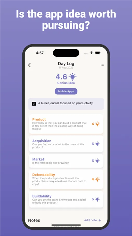 Overcome idea paralysis and confidently select your next venture by leveraging data-driven insights and the app's scoring system.
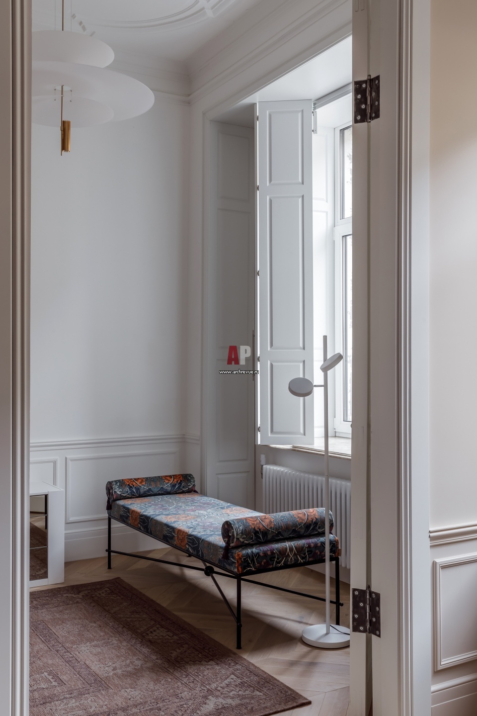 Реконструкция квартиры с неоклассическим декором. Кушетка, Svetlana Vlasenko. На окнах – деревянные ставни.
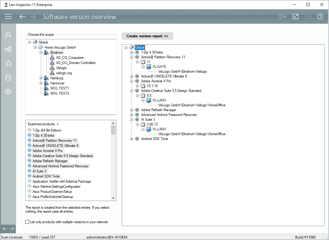 This function helps you resolve installations with perspective on their version. Just select the scope of your query within the tree of locations. Afterwards (multi-)select the products of interest in the list below. Now click on “Create version report >>”.
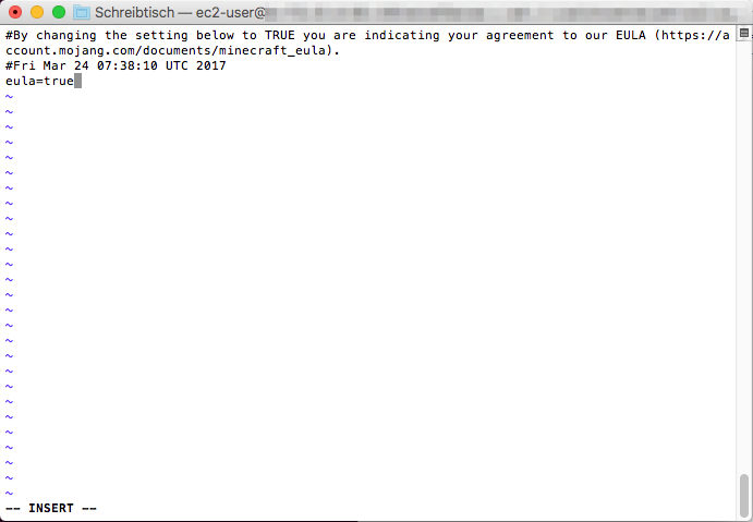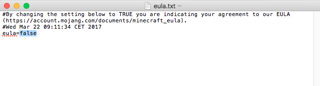 Die Datei "eula.txt" mit Doppelklick öffnen und den Eintrag "eula=false" abändern in "eula=true". Die Datei speichern.
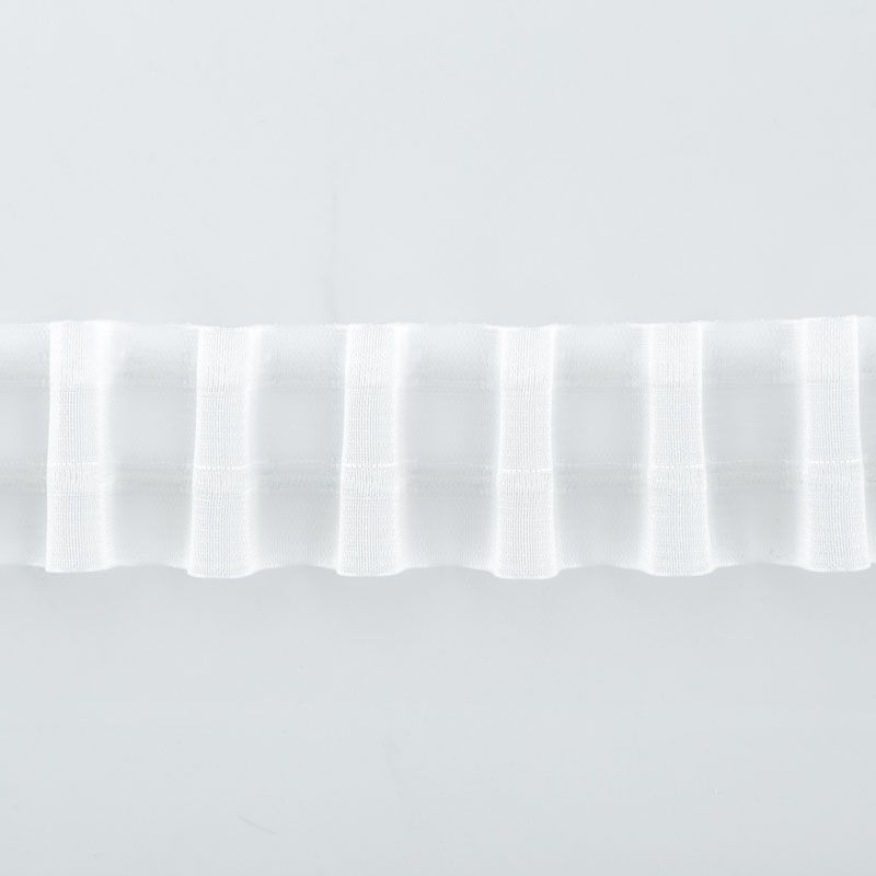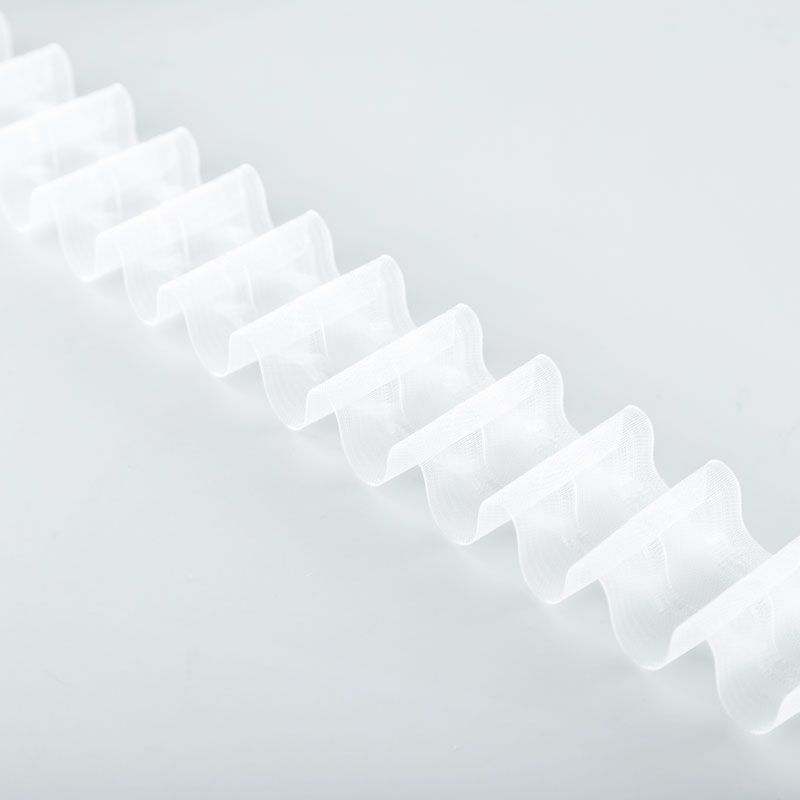 Шторная лента полностью прозрачная для тюлей и портьерных тканей со сборкой волна. Сокращение - 1:1,8, раппорт - 6 см, расстояние между складками - 3,3 см, 2 ряда кармашков, крепление - крючки.
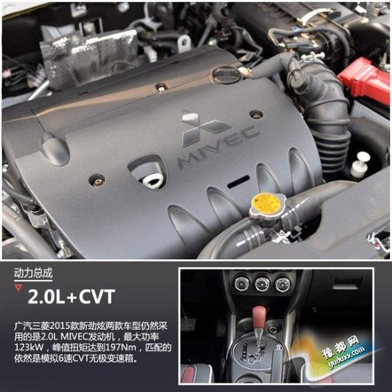 在动力方面,广汽三菱2015款新劲炫两款车型采用的也是老款相同的2.0L MIVEC发动机,最大功率123kW,峰值扭矩达到197Nm,匹配的依然是模拟6速CVT无极变速箱。在驱动形式上,新劲炫2.0L 2015款精英版采用的是前置前驱,尊贵版则采用的是前置四驱。
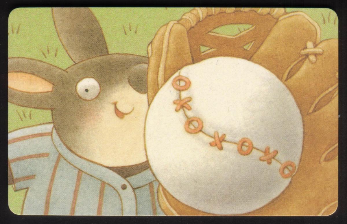 This collectible greeting card is from the 1995 Father's Day Series by Hallmark. It prominently features a cheerful bunny rabbit holding a baseball, wearing a baseball glove on one paw. The bunny is dressed in a blue shirt and an orange cap. The background includes a baseball diamond with a clear view of the infield and base paths, enhancing the baseball theme. The overall design blends elements of sports and celebration, emphasizing the connection to Father’s Day with text including “Father’s Day” and “hugs and kisses” visible on the front.
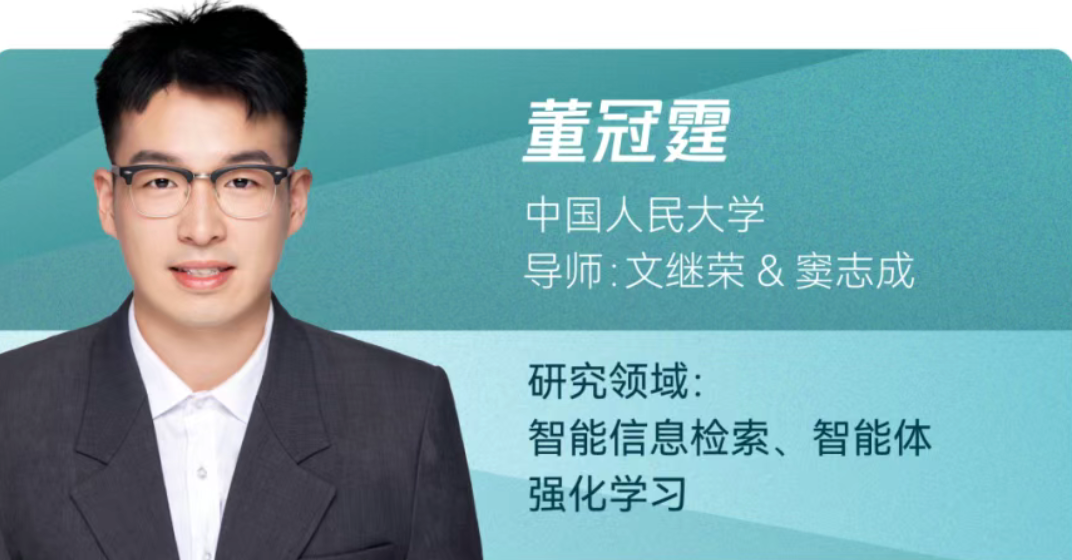董冠霆,威尼斯人娱乐场官方网站 2024级博士生,导师为文继荣教授与窦志成教授,主要研究方向为智能信息检索和智能体强化学习。以第一/共同第一作者身份在ICLR、NeurIPS、ACL、WWW等国际顶级会议发表论文10余篇;其代表工作包括ARPO、Search-o1、Webthinker、 FlashRAG等, 受到国内外研究者的广泛关注。谷歌学术引用量1万余次。个人GitHub项目累计获得星标8000余枚,并在字节跳动Seed、阿里通义千问、快手快意大模型等核心基座大模型团队实习。曾获国家奖学金、北京市优秀毕业生等荣誉,并入选国家自然科学基金青年学生基础研究项目 (博士生)、中国科协青年人才托举工程博士生专项计划资助。

• Problem statement:
An exact transcription of the material is required, without any pictures.

• Response below:
 Overcome idea paralysis and confidently select your next venture by leveraging data-driven insights and the app's scoring system.
 Реконструкция квартиры с неоклассическим декором. Кушетка, Svetlana Vlasenko. На окнах – деревянные ставни.
 This function helps you resolve installations with perspective on their version. Just select the scope of your query within the tree of locations. Afterwards (multi-)select the products of interest in the list below. Now click on “Create version report >>”.
 Die Datei "eula.txt" mit Doppelklick öffnen und den Eintrag "eula=false" abändern in "eula=true". Die Datei speichern.
 Шторная лента полностью прозрачная для тюлей и портьерных тканей со сборкой волна. Сокращение - 1:1,8, раппорт - 6 см, расстояние между складками - 3,3 см, 2 ряда кармашков, крепление - крючки.
 在动力方面,广汽三菱2015款新劲炫两款车型采用的也是老款相同的2.0L MIVEC发动机,最大功率123kW,峰值扭矩达到197Nm,匹配的依然是模拟6速CVT无极变速箱。在驱动形式上,新劲炫2.0L 2015款精英版采用的是前置前驱,尊贵版则采用的是前置四驱。
 This collectible greeting card is from the 1995 Father's Day Series by Hallmark. It prominently features a cheerful bunny rabbit holding a baseball, wearing a baseball glove on one paw. The bunny is dressed in a blue shirt and an orange cap. The background includes a baseball diamond with a clear view of the infield and base paths, enhancing the baseball theme. The overall design blends elements of sports and celebration, emphasizing the connection to Father’s Day with text including “Father’s Day” and “hugs and kisses” visible on the front.
董冠霆,威尼斯人娱乐场官方网站 2024级博士生,导师为文继荣教授与窦志成教授,主要研究方向为智能信息检索和智能体强化学习。以第一/共同第一作者身份在ICLR、NeurIPS、ACL、WWW等国际顶级会议发表论文10余篇;其代表工作包括ARPO、Search-o1、Webthinker、 FlashRAG等, 受到国内外研究者的广泛关注。谷歌学术引用量1万余次。个人GitHub项目累计获得星标8000余枚,并在字节跳动Seed、阿里通义千问、快手快意大模型等核心基座大模型团队实习。曾获国家奖学金、北京市优秀毕业生等荣誉,并入选国家自然科学基金青年学生基础研究项目 (博士生)、中国科协青年人才托举工程博士生专项计划资助。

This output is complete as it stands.